KOREA EQUITY FUND, INC.

OFFER TO PURCHASE FOR CASH
BY KOREA EQUITY FUND, INC.
UP TO 2,212,479 SHARES OF COMMON STOCK
AT A PURCHASE PRICE EQUAL TO 98% OF NET ASSET VALUE
AS OF THE EXPIRATION DATE OF THE OFFER

THE OFFER AND WITHDRAWAL RIGHTS WILL EXPIRE AT 5:00 P.M., NEW YORK CITY TIME, ON DECEMBER 17, 2010, UNLESS THE OFFER IS EXTENDED.
November 17, 2010
 
 
To Our Clients:

Enclosed for your consideration are the offer to purchase, dated November 17, 2010, and the related letter of transmittal in connection with the offer by Korea Equity Fund, Inc., a Maryland corporation (the “Fund”), to purchase for cash up to 2,212,479  shares of its common stock, par value $0.10 per share, at a price per share equal to 98% of net asset value as of the expiration date of the offer, net to the seller in cash, without interest.

The Fund's offer is being made upon the terms and subject to the conditions set forth in its offer to purchase, dated November 17, 2010, and in the related letter of transmittal which, together with the offer to purchase, as they may be amended and supplemented from time to time, constitute the offer.

Only shares properly tendered and not properly withdrawn will be purchased.
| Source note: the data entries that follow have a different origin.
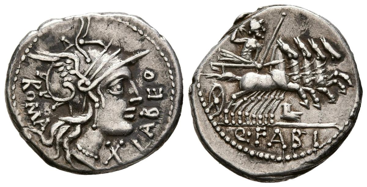 GENS FABIA. Denario. (Ar. 3,85g/20mm). 124 a.C. Norte de Italia. (FFC 697; Crawford 273/1). Anv: Cabeza de Roma a derecha, debajo X, delante leyenda: LABEO, detrás leyenda: ROMA. Rev: Júpiter en cuádriga a derecha con cetro y haz de rayos, debajo proa de nave, en exergo: Q FABI. MBC.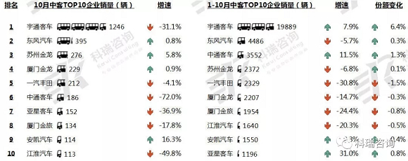 1-10月,TOP10中企业累计销量四升六降。宇通客车累计销售2万辆,同比增长7.9%,市场份额提高6.4个百分点;亚星客车增长最大,达到31%,市场份额上升0.8个百分点;一汽丰田、厦门金旅、江淮汽车下滑较大,超过20%。
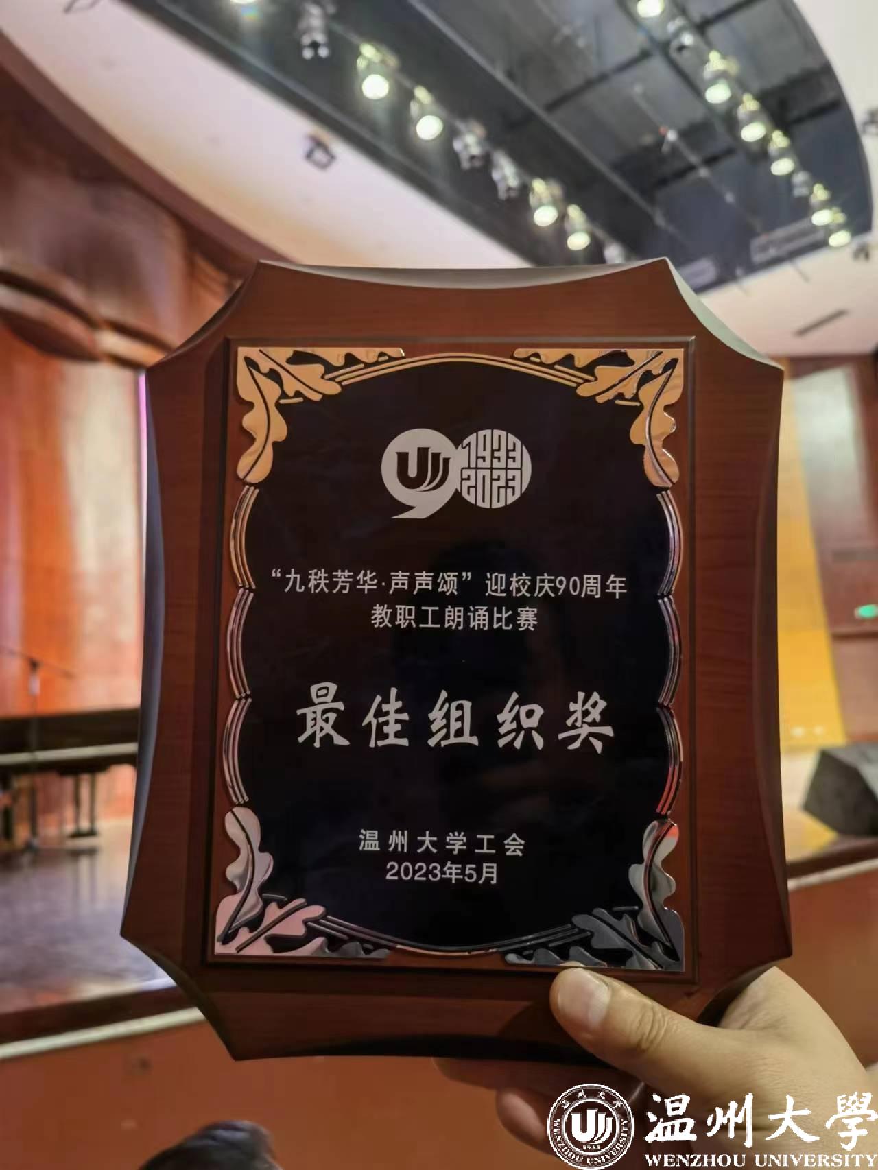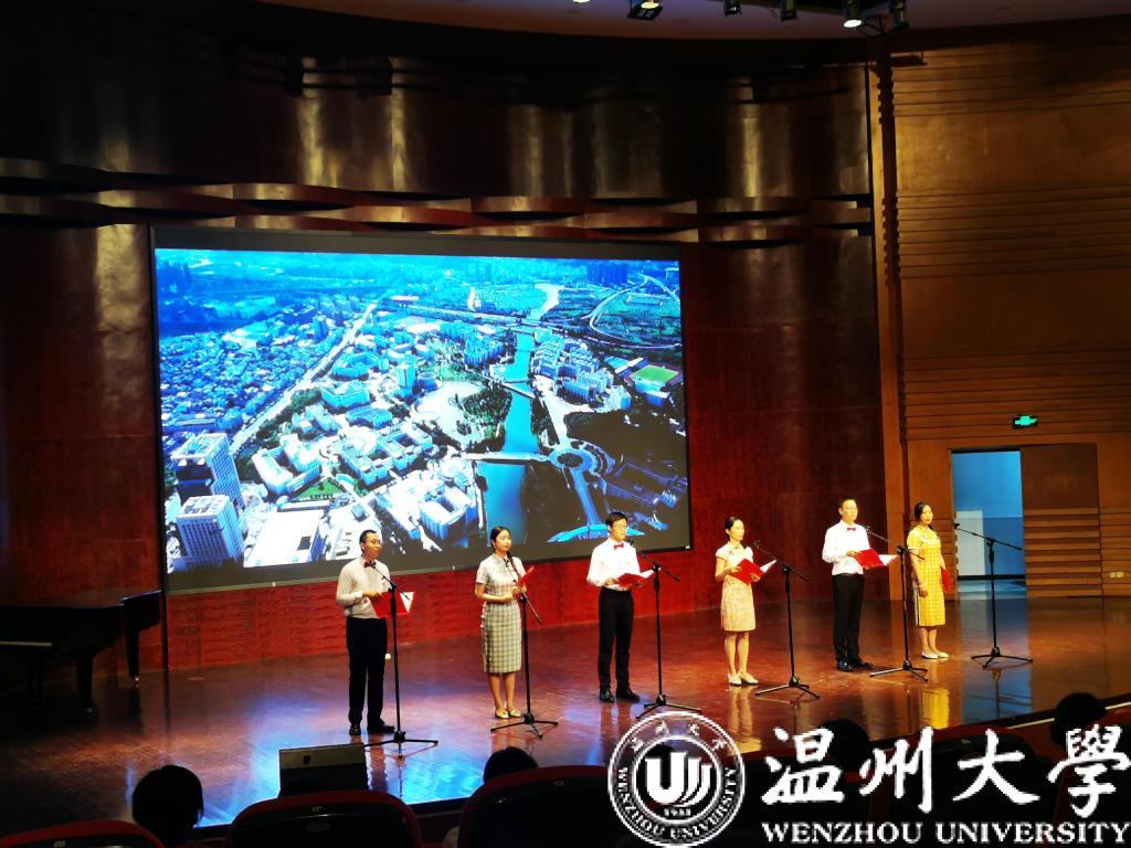2023年5月10日下午两点,由温州大学工会主办教师教育学院承办的“90周年校庆”诗歌朗诵教职工朗诵比赛在南校音乐厅拉开帷幕。初夏的校园仍然生机盎然,校园里四处迷漫着书香,在如此美丽的季节里,学校教职工上演了一场别开生面的比赛。

However, because of the proration provisions described in the offer to purchase, all of the shares tendered may not be purchased if more than 2,212,479 shares are properly tendered. All shares tendered and not purchased, including shares not purchased because of proration, will be returned at the Fund's expense as soon as practicable following the expiration date.
 
 
 
 

 
Upon the terms and subject to the conditions of the Fund's offer, if more than 2,212,479  shares are properly tendered and not properly withdrawn, the Fund will purchase, subject to the conditions to the offer described in Section 12 of the offer to purchase, all other shares properly tendered, on a pro rata basis with appropriate adjustments to avoid purchases of fractional shares.

A tender of your shares can be made only by us as the holder of record and pursuant to your instructions.  The letter of transmittal is furnished to you for your information only and cannot be used by you to tender your shares held by us for your account.
 
Accordingly, please use the attached “Instruction Form” to instruct us as to whether you wish us to tender any or all of the shares we hold for your account on the terms and subject to the conditions of the tender offer.
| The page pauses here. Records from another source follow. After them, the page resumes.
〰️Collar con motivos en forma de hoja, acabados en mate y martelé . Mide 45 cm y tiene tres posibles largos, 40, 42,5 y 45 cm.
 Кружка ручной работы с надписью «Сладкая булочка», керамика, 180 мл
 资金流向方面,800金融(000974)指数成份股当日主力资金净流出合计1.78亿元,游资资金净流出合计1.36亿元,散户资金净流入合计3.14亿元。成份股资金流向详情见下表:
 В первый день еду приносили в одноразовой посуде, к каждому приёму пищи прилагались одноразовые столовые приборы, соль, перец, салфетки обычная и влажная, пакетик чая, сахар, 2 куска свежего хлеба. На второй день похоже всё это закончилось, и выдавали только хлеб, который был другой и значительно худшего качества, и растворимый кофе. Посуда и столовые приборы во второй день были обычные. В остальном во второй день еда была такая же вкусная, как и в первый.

WE CALL YOUR ATTENTION TO THE FOLLOWING:
 
 
 
1.
You may tender shares at a price per share equal to 98% of net asset value as of the expiration date of the offer, as indicated in the attached Instruction Form, net to you in cash, without interest.

 
2.
The offer is not conditioned upon any minimum number of shares being tendered.  The offer is, however, subject to various other conditions described in the offer to purchase.
 
 
3.
The offer and withdrawal rights will expire at 5:00 p.m. New York City time, on December 17, 2010, unless the Fund extends the offer.
 
 
4.
The offer is for up to 2,212,479 shares. These shares constitute approximately 20% of the number of currently outstanding shares.
 
 
5.
Tendering shareholders who are registered shareholders or who tender their shares directly to Computershare Trust Company, N.A., as the depositary, will not be obligated to pay any brokerage commissions or fees, solicitation fees, or, except as set forth in the offer to purchase and the letter of transmittal, stock transfer taxes on the Fund's purchase of shares under the offer.

 
6.
The board of directors of the Fund has approved the offer. However, none of the Fund, its board of directors or Nomura Asset Management U.S.A. Inc., the Fund’s manager, or Nomura Asset Management Co. Ltd., the Fund’s investment adviser, makes any recommendation as to whether to tender or not to tender shares in the offer.  No person has been authorized to give any information or to make any representations in connection with the offer other than those contained in the offer to purchase and in the letter of transmittal, and if given or made, such information or representations may not be relied upon as having been authorized by the Fund, its directors, its officers, its manager, its investment adviser or its sub-advisers.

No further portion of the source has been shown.